The robo-adviser portfolios of Schwab retained client assets in the form of cash ranging between 6 and 29.4 percent, as revealed by the SEC, as a pre-set number. This, apparently, was done so that the affiliated bank of Schwab would be able to earn money on the free funds by lending them out. This is significant since the robo-adviser was advertised by Schwab as not having any advisory or hidden fees.
What was not disclosed by the advisers was that this cash allocation was likely to lower returns earned by clients in conditions where equities outperformed cash. The compromise in client earnings would approximately be the same as what levying advisory fees would result in.
What did Schwab Intelligent Portfolios’ disclosures say?
Between March 2015 and November 2018, the mandated disclosures for Schwab’s robo-adviser merely stated that the cash allocation in the portfolios was determined through a “disciplined portfolio construction methodology.” It further said that seeking “optimal return[s]” would be the goal of the robo-adviser.

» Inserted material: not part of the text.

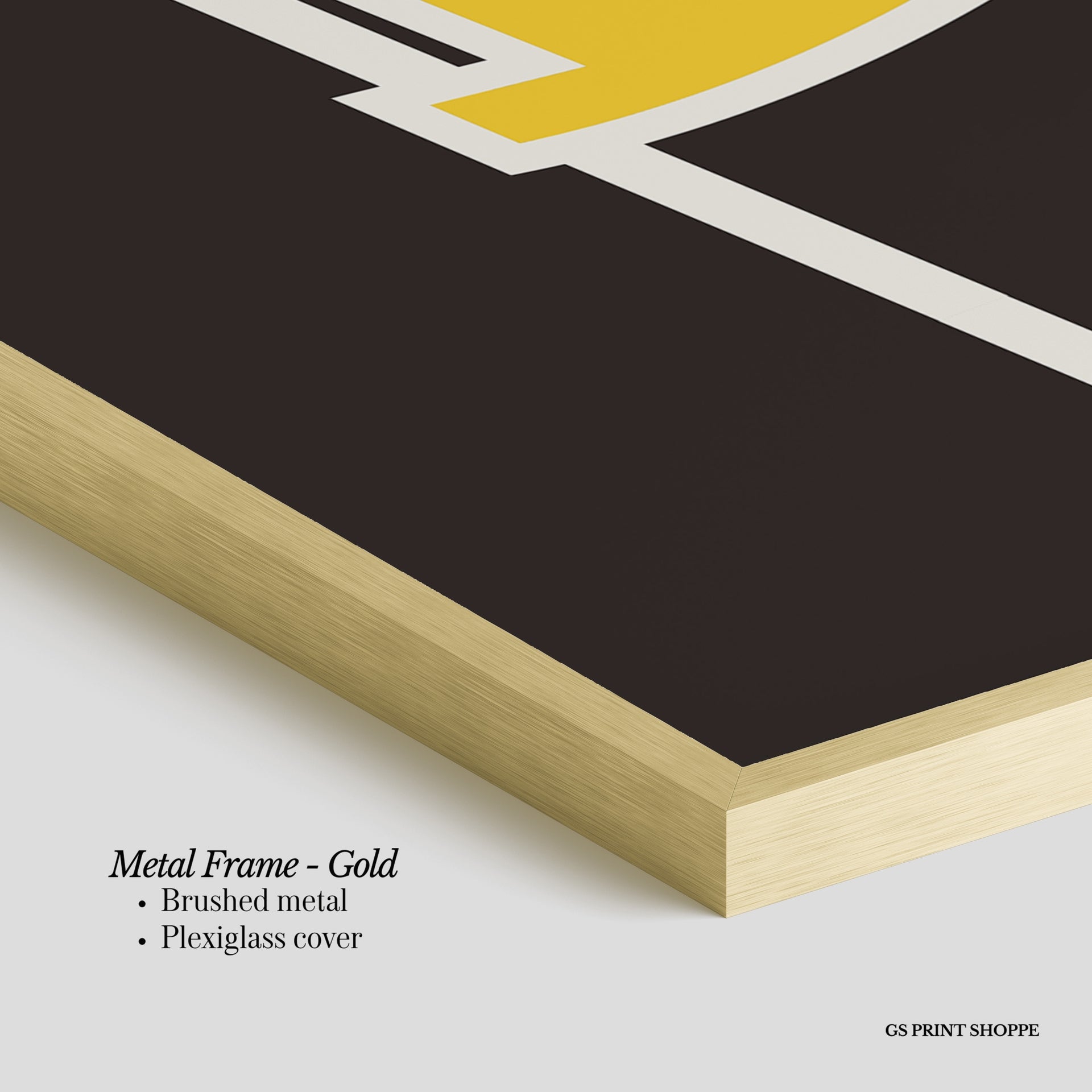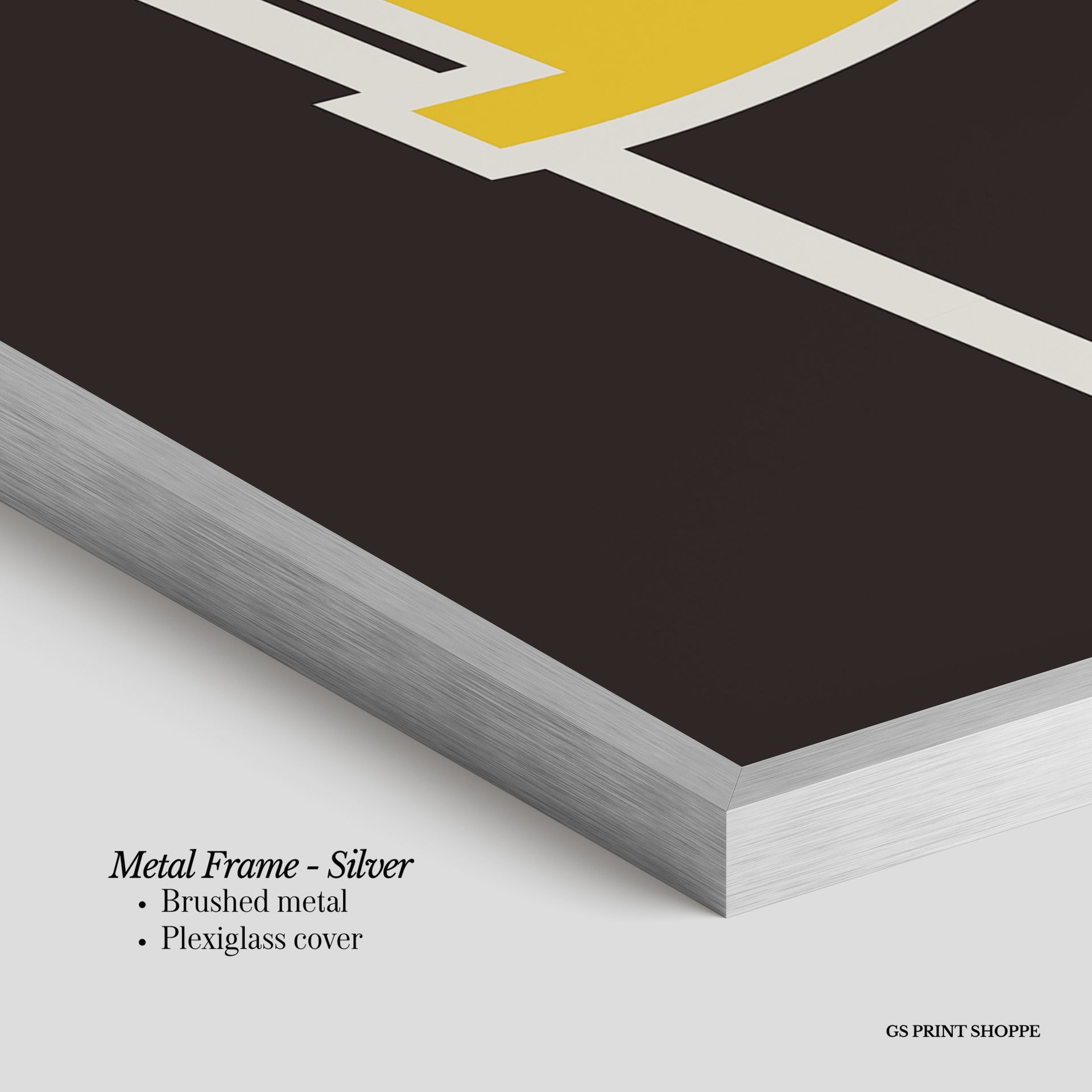 Metal Frame: Sleek and modern, our metal frame is crafted with brushed metal for a polished finish. It comes with durable plexiglass and sturdy metal hangers for horizontal or vertical display.

According to the SEC, the portfolio’s cash component creating a drag on earnings for clients was demonstrated by Schwab’s internal data, even though their risk would not be proportionately reduced.
It has been alleged by the SEC that Schwab unjustly enriched themselves by keeping the difference between the interest they earned on the amount loaned out from the clients’ cash component, and what they paid to clients of the robo-advisers.
According to Gurbir S. Grewal, director of the SEC’s Division of Enforcement, “Schwab claimed that the amount of cash in its robo-adviser portfolios was decided by sophisticated economic algorithms meant to optimize its clients’ returns when in reality it was decided by how much money the company wanted to make. Schwab’s conduct was egregious and [the] action sends a clear message to advisers that they need to be transparent with clients about hidden fees and how such fees affect clients’ returns.”
Without admitting or denying the SEC’s findings, Charles Schwab & Co. Inc., Charles Schwab Investment Advisory Inc., and Schwab Wealth Investment Advisory Inc., investment adviser subsidiaries of Schwab, agreed to a censure and a cease-and-desist order. They also agreed to cough up approximately $52 million in disgorgement and prejudgment interest, and a civil penalty amounting to $135 million.
Additionally, while agreeing to retain an independent consultant to review its policies and procedures relating to their robo-adviser’s disclosures, advertising, and marketing, Schwab also agreed to “cooperate fully” with the SEC.